- Born: Olive Eva Anstey 9 August 1920 Fremantle, Western Australia
- Died: 19 August 1983 (aged 63) Shoalwater, Perth, Australia
- Burial place: Karrakatta cemetery
- Education: Royal Perth Hospital; diploma in nursing administration at the College of Nursing, Melbourne;
- Occupation: Hospital matron
- Years active: 1944–1981

= Olive Anstey =

Australian nurse (1920–1983)

Olive Eva Anstey (9 August 1920 - 18 August 1983) was an Australian hospital matron.

==Life==
Born at Fremantle to sawmill benchman Terence Edwin Anstey and Eva Annie, née Donovan, Olive and her family moved to Sydney when she was eighteen months old. She moved back to Western Australia in 1934, learning shorthand and typing at Perth Technical College before starting work at a box factory in 1935 at the age of 15 (continuing her studies at night). She began training to be a nurse at the Royal Perth Hospital in 1941, despite the disapproval of her family who viewed nursing as "servitude". Passing her final examinations in 1944, she won election to the local council of the Australasian Trained Nurses Association. She campaigned in 1946 for better pay and conditions before returning to Sydney to study midwifery, running a small private hospital from 1947. She was honorary founding secretary of the New South Wales College of Nursing in 1949 before moving to South Australia as a community health nurse.

Anstey returned to Perth in 1953 to work at the Perth Chest Clinic, and was appointed matron of the new Perth Chest Hospital in May 1958 after studying nursing administration at the College of Nursing, Australia, in Melbourne. The hospital was renamed the Sir Charles Gairdner Hospital and Anstey extended its responsibilities into community health. In 1958 she was elected councillor of the Royal Australian Nursing Federation (RANF)'s Western Australian branch, of which she would serve as president from 1962 to 1966. She was on the council of the College of Nursing, Australia, from 1964 to 1971 and federal president of the RANF from 1971 to 1975. From 1977 to 1981 she was president of the International Council of Nurses.
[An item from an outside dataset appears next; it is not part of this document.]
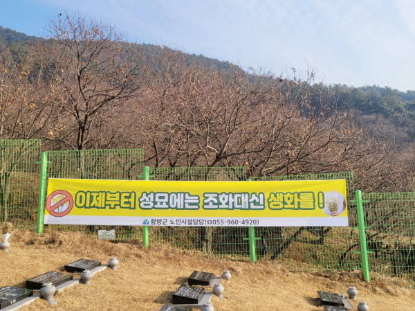 이에 함양군은 친환경 추모 문화를 확산하기 위해 공설추모공원 내 모든 조화 사용을 금지하고, 향후 조화가 사용될 경우 군에서 일괄 회수 후 폐기 처리할 예정이다.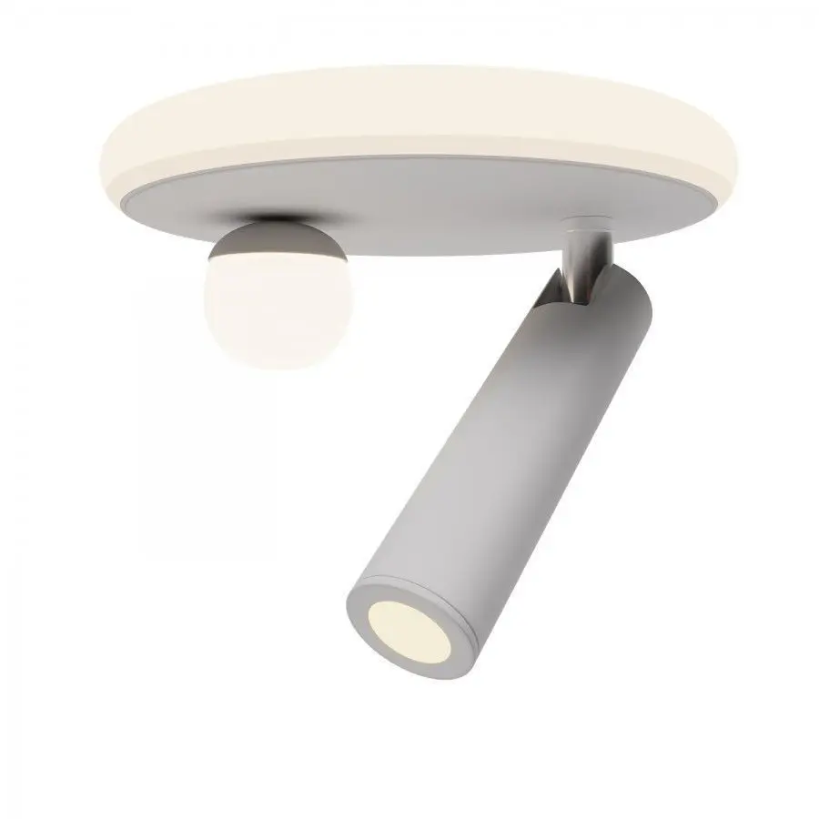 The model has a swivel luminaire binding for easy rotation and tilt.Ceiling lamp with a ball-shaped and rotating cylindrical shade and an external LED glowDiameter 200 mm

"Throughout her career Olive was a staunch advocate for better working conditions and pay for nurses, working on various committees with the
goal of obtaining recognition of nursing as a profession."

Anstey retired in 1981. She had been appointed MBE in 1969 and was elevated to CBE in 1982. On the night of 18–19 August 1983 she died suddenly at Shoalwater and was buried in Karrakatta cemetery. She is commemorated by an accommodation block for student nurses at Sir Charles Gairdner Hospital (1974) and the Olive Anstey Nursing Fund, established shortly after her death.